A survey by film and TV union Bectu has found that 71% of freelancers working in the creative industries are afraid they won’t be able to pay their bills because of the work they have lost due to coronavirus.

The survey was responded to by 5,600 people.

Nearly 3,000 (46%) respondents had already lost money as a result of the virus.

From 1,500 respondents who answered the survey in detail, 456 reported already losing over £5,000, 457 reported losing £2,000-£5,000 and 591 said they had lost up to £2000.

Many reported that estimates for future loss of earnings were difficult because of the uncertainty about the length of potential disruption. However, 131 people said they were facing losing over £40,000, 437 said they could lose £20,000-40,000 and 783 people said they may lose up to £20,000.

83% of those who took part reported themselves as freelancers working across TV, film, live tours, theatres, art galleries and art studios.

Film and TV crew highlighted that they need sick pay to cover periods of self-isolation. 50% of those working on major films, 46% of those working in TV drama and 40% of those working in factual TV asked for Bectu to lobby on this point.

Bectu is calling for the government to take immediate action to create a meaningful safety with measures including direct financial support for freelance and self-employed workers delivered in the form of a retroactive tax rebate; deferment of the 31st July tax deadline and VAT deadline on 7 May, alongside the announced delay of IR35; rent holidays alongside the announced mortgage holidays; interest free loans and measures to eliminate or supress credit card interest to prevent debt spirals; drastic simplification of Universal Credit application processes.

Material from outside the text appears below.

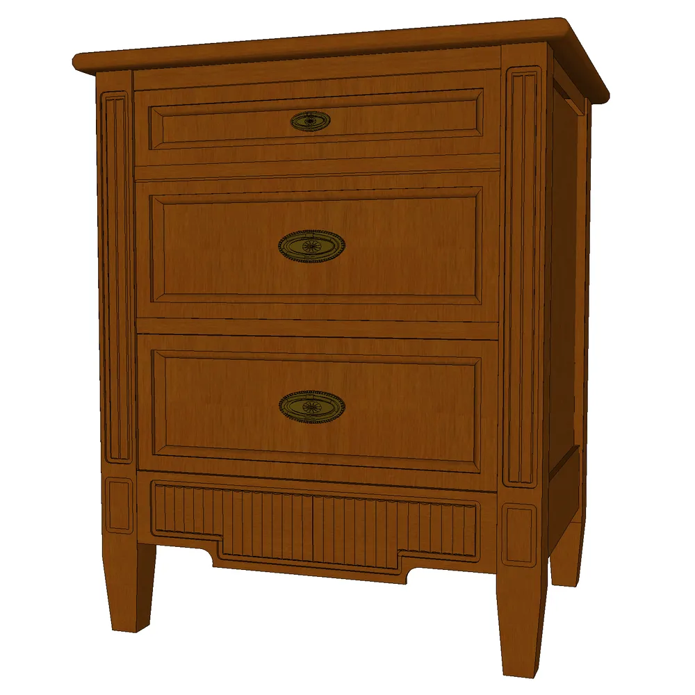 This meticulously crafted 3D nightstand model features a rich walnut finish, three functional drawers with oval inlay accents, and elegant fluted leg design. Perfect for traditional bedroom settings or historic preservation projects, it combines period-appropriate craftsmanship with modern BIM-ready performance.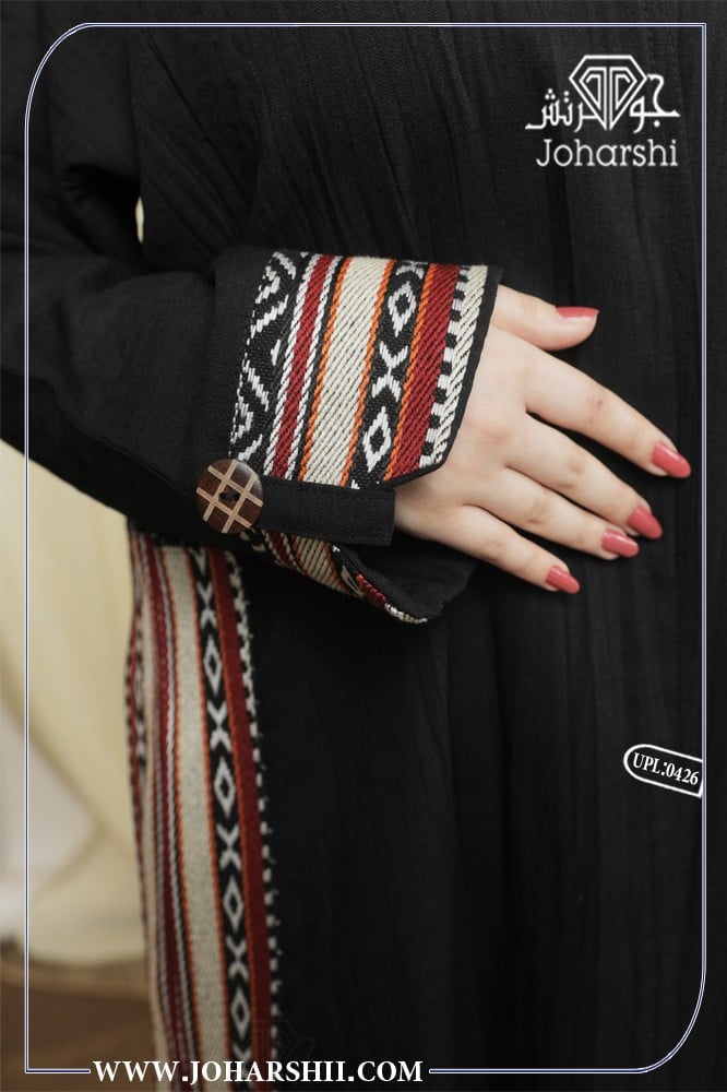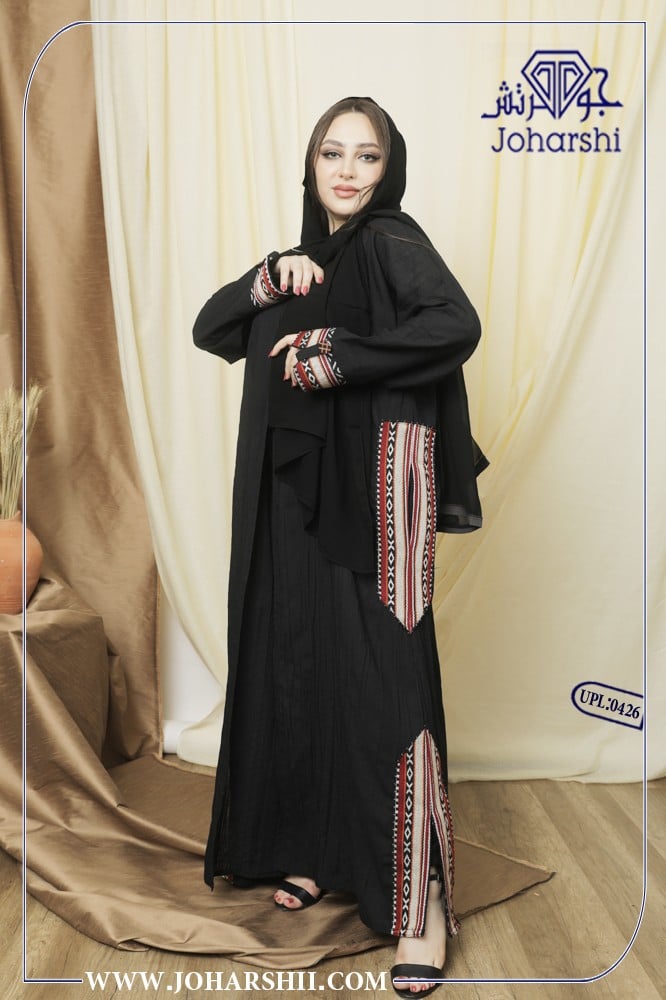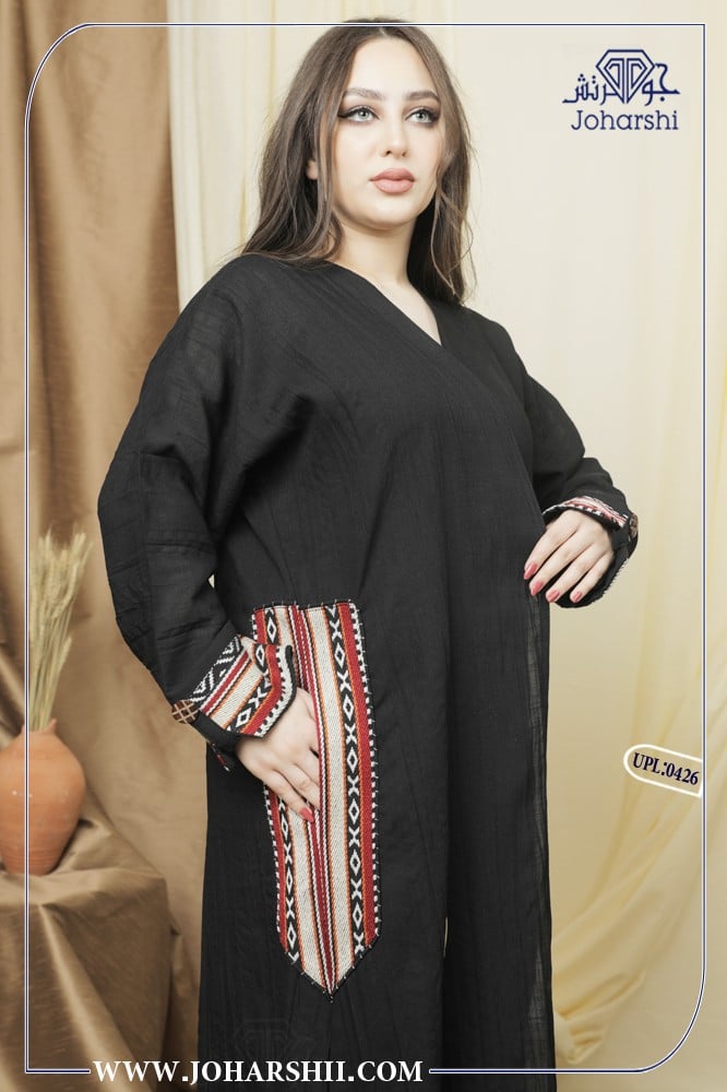 عباية حرير مغسول باضافة السدو ملون هي عباءة أنيقة وناعمة مناسبة للارتداء اليومي أو للمناسبات الخاصة.

Head of Bectu Philippa Childs said: “Bectu can’t emphasise enough how urgently we need the government to act. This survey started just after the Budget announcement. We have since had another update from the Chancellor but still nothing for freelancers, the self-employed and those on zero hours contracts.

“These people have literally seen their income stream disappear in the space of a few days. They pay their taxes without fail, contribute to a thriving sector of the economy and don’t have the structure of an employer.

“The government can’t ignore them any longer. Just like those who are employed and receive salaries, freelancers also have families to feed and must pay the bills to keep a roof over their heads.

“The government must make sure any further protections put in place cover the entire economy’s workforce.”